I started off by appreciating the silver lining. ‘At least I get to spend more time with family’, ‘I have time to introspect’, ‘I can save money’, ‘I can read all these books that I kept turning down for more socializing options’, ‘My cooking skills notched up quite a bit’, ‘I can finally watch all these Netflix shows without feeling guilty’. Gradually though, I got exhausted from appreciating the silver lining. It became too narrow with every week that passed; a few months into the pandemic, I could no longer see it.

I felt robbed of my MBA experience and was incredibly angry at the circumstances. ‘How egocentric do I have to be to make a global pandemic about my compromised MBA experience?’, I wondered. However, rationalizing seldom helps with assuaging your emotions, so that thought did not help. I missed hugging people, I missed kissing them, I missed seeing views beyond my bedroom and kitchen. I missed not having to be paranoid about infection every living moment of the day. I missed living freely, and I wanted to scream how it is so unfair to take it all away from me in the years that were supposed to be my best years.

I remember laughing at the tragedy of the times on most days. And then there were days that I cried, cried my heart out. I remember a particular email stating that our global business experience, which was essentially a week-long interactive business learning experience in Brazil, got canceled. I remember looking at that email for straight ten minutes and crying. There was nothing extraordinarily sad about that decision from school. In all honesty, it was quite an expected decision. But on some days, you are hinging on an unrealistic hope of things eventually working out, and when that bleak ray of hope is taken away too, you no longer know what to look at for hope. I think I cried so hard because there was too much pent-up anger and grief, waiting to be released at an opportune moment, just so that the emotions do not feel uncalled for.

I think it was after I cried quite a bit and video-called more people than one practically can, watched more Netflix shows than my sleep-schedule allowed, and went on more bad dates than my friends could hear about, that something switched within me. I could, after all the months of cribbing, finally  accept and dare I say, appreciate everything the pandemic taught me.

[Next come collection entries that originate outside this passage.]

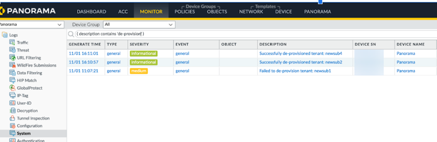 (Optional) Check the status of the deprovisioning operation by going to MonitorLogsSystem. The deprovisioning operation and the name of the tenant is displayed in the logs.
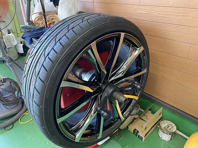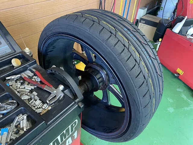 タイヤを装着したら、ホイールバランスの調整を行います。
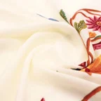視線を集めながら、決して騒がない上品なデザイン。清楚なホワイトベースに鮮やかな刺繍糸のコントラストが絶妙な一枚です。
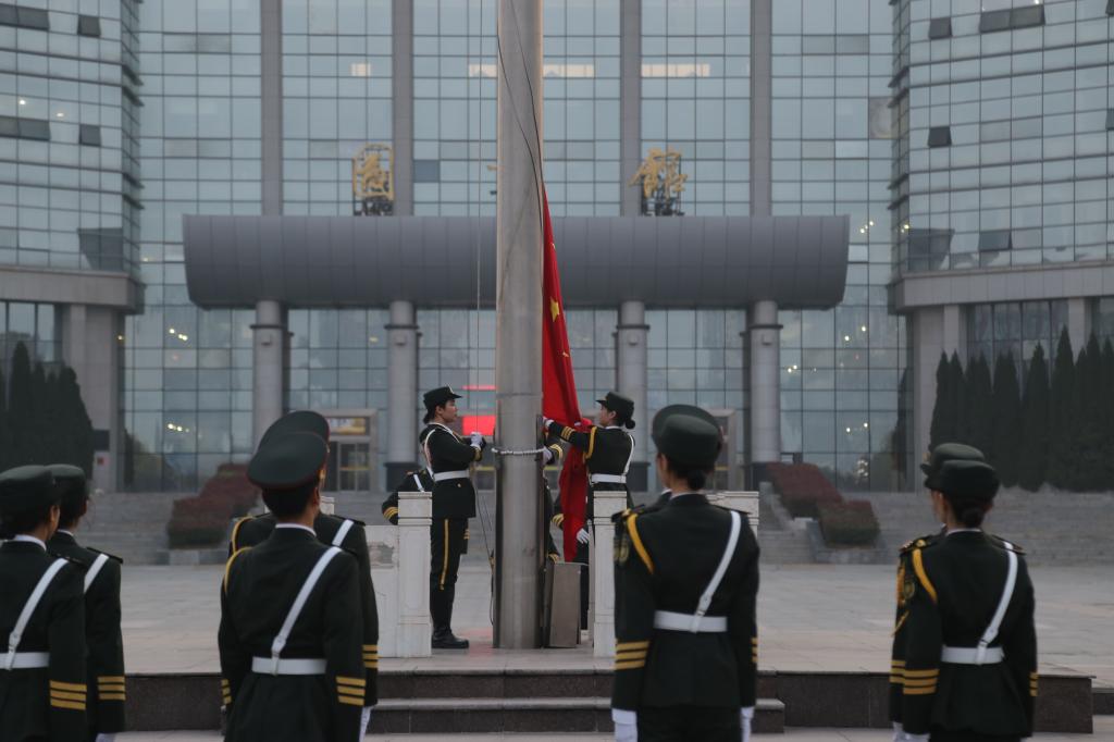 红旗漫卷,盛世如画。迎着初升的朝阳,学校国旗护卫方队戎装齐整、口号嘹亮、步伐铿锵,擎着国旗缓步走向升旗台。伴着高亢激昂的国歌声,五星红旗冉冉升起,迎风飘扬。旗上飘扬着国家尊严,国歌中回荡着爱国激情。师生们怀着激动和崇敬的心情庄重肃立,高唱国歌,行注目礼。
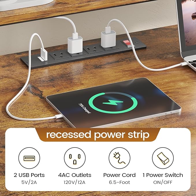 - 【For Health】The monitor shelf conforms to the ergonomic structure, which effectively reduces the pressure on the back and neck, so that you don't need to worry too much about health problems when you were working. At the same time, a headset hook is provided on the side, so that the headset is at your hand, and you don't need to worry about finding headphones for playing games.Our charging station includes 4-Outlet & 2 USB Ports to provide power for up to 6 devices simultaneously.
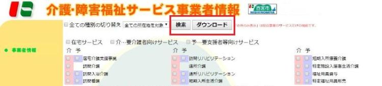 「ダウンロード」ボタンを押すと、該当する施設等の一覧を、エクセル形式でダウンロードすることができます。
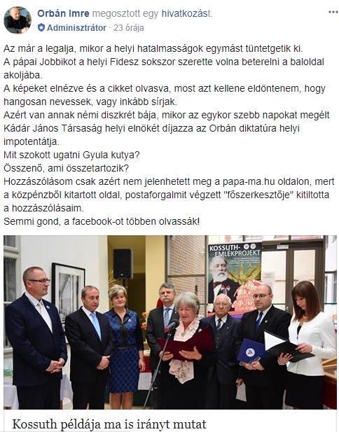 Ellentétben az önnek most oly nagy lelki tusát jelentő önkormányzati rendezvénnyel, a 2017. szeptember 21-i, Kossuth Lajos pápai díszpolgárságának 130. évfordulójával, amely hála Istennek sok-sok, egyáltalán nem párt-politizáló pápai lokálpatrióta-társam közös munkájának segítésével valósult meg; ahol Pápa jelenlegi díszpolgárai, dr. Kövér László és dr. Kovács Zoltán, Pápa jelenlegi vezetői, dr. Áldozó Tamás polgármester, Unger Tamás alpolgármester, Kanozsainé dr. Pék Mária címzetes főjegyző, a pápai Képviselőtestület fideszes tagjai, jobbikos (!), emeszpés, dékás tagja, no meg a Városháza és városunk számos intézményének vezetője, munkása is jelen volt. Szívből sajnálom, hogy ön még Kossuth mellé sem tudott odaállni...
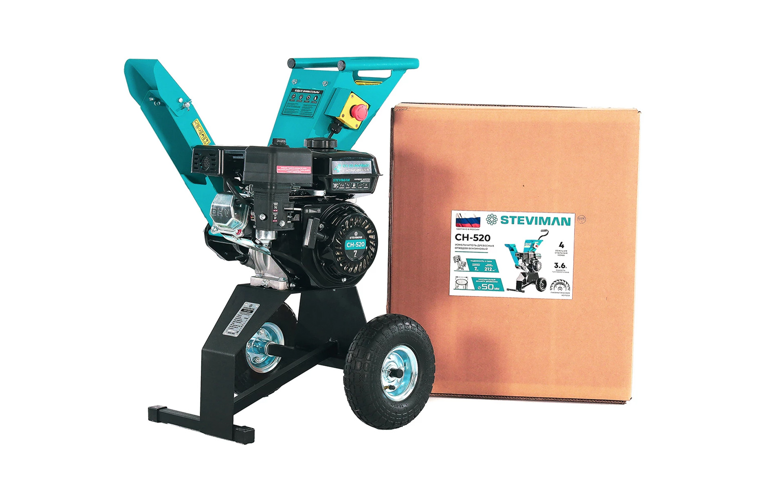 Измельчитель STEVIMAN CH-520 оснащен бензиновым двигателем EST модели 212CC объемом 212 см³ мощностью 7 л.с. Такая производительность обеспечивает эффективное измельчение веток диаметром до 50 мм, позволяя быстро перерабатывать садовый мусор и древесные отходы. Топливный бак объемом 3,6 литра позволяет работать продолжительное время без остановок на дозаправку. Ручной запуск двигателя гарантирует надежность конструкции. Объем масла в двигателе составляет 0,6 литра, что упрощает техническое обслуживание и контроль за состоянием агрегата.
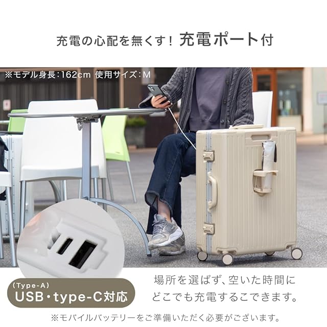 ※2024年8月21日よりSサイズ:アイスグリーン、8月23日よりSサイズ:エクルベージュ、Mサイズ:ジェットブラック、8月30日よりSサイズ:ジェットブラック、9月11日よりMサイズ:ホワイト、9月17日よりMサイズ:エクルベージュ、9月20日よりMサイズ:アイスグリーン、11月1日よりSサイズ:ホワイトのキャリーケース内部防水収納の仕様が変更となりました。 ※本体内type-Aケーブルはiphone15以降のApple製品に対応しておりません。 ※本体内type-Cケーブルを使用する場合は、type-Cポートに接続してください。 ※寸法はキャスター・ハンドル・台座込みの外寸表記になります。測り方や荷物の詰め具合により多少の誤差が生じる場合がございます。あらかじめご了承ください。

The pandemic taught me so much about grief, about accepting it, and on some days, even appreciating it. I learned to accept my emotions and be grateful for them…even grief. I learned what a privilege it is to be able to experience sadness. I became more comfortable telling people that I do not feel okay. I let go of the pressure to constantly see the brighter side and it made me feel so much lighter, and my emotions so much valid.

I think with acceptance, gratefulness followed the course of emotions. I was able to gradually change my mindset to appreciate my life for all that I still had. I appreciated the privilege of having classes, being able to go for beautiful walks in stunning London, having family and friends…friends who would hug, listen, pick up your call and be there for you, having job prospects, having the opportunity to interact with the most brilliant minds in the world, albeit virtually and most importantly of living in a beautiful home.

I became so much more appreciative of the people in my life. I learned to say ‘I love you’ to more people, more often and more generously. I learned that on some days, the only thing that matters is to be able to open WhatsApp and have two people I can text about how I am feeling. And I have been so incredibly lucky to always have those two people, and on some days, even more. I learned how in the end, it is always the people that make all the difference for me. I learned to value people more than I did. And I learned to remind people how much I love them more often than I usually did. I learned to send those messages and make time for those phone calls.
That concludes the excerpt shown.